But it collides with the 1960s' legacy. Running routine deficits meant that the federal debt (all past annual deficits) was already high before the crisis: 41 percent of the economy, or gross domestic product (GDP), in 2008. Huge deficits have now raised that to about 70 percent of GDP; Krugman-like proposals would increase debt further. It would approach the 90 percent of GDP that economists Kenneth Rogoff of Harvard and Carmen Reinhart of the Peterson Institute have found is associated with higher interest rates and slower economic growth.
Since 1800, major countries have experienced 26 episodes when government debt has reached 90 percent of GDP for at least five years, they find in a study done with Vincent Reinhart of Morgan Stanley. Periods of slower economic growth typically lasted two decades.
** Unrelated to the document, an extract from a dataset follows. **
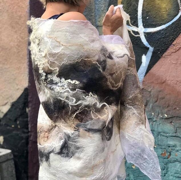 Bohemian shawl, Nuno felted scarf. Warmth for mom, Large wool scarf...
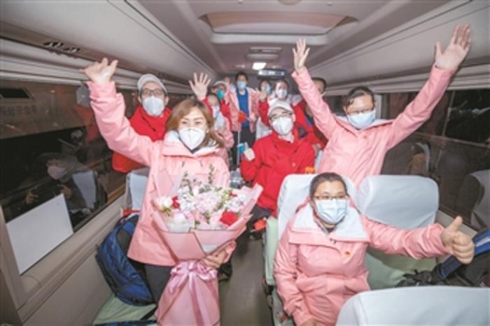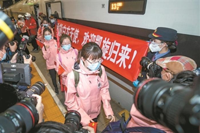 3月25日晚,北京西站,援鄂国家中医医疗队的60余名队员从武汉乘坐高铁平安返京。他们分别来自北京中医药大学东直门医院、东方医院和北京协和医学院。本报记者 王伟伟 摄

Now, imagine that the country had adhered to its balanced-budget tradition before the crisis. Some deficits would have remained, but the cumulative debt would have been much lower: plausibly between 10 percent and 20 percent of GDP. There would have been more room for expansion. Balancing the budget might even have forced Congress to face the costs of an aging society.
The blunder of the '60s has had a long afterlife. Economic policy is trapped between weak demand and the fears of too much debt. Yesterday's Keynesians undercut today's Keynesians. "In the long run we are all dead," Keynes said. But others are alive — and suffer from bad decisions made decades ago.
Robert J. Samuelson is a Washington Post columnist.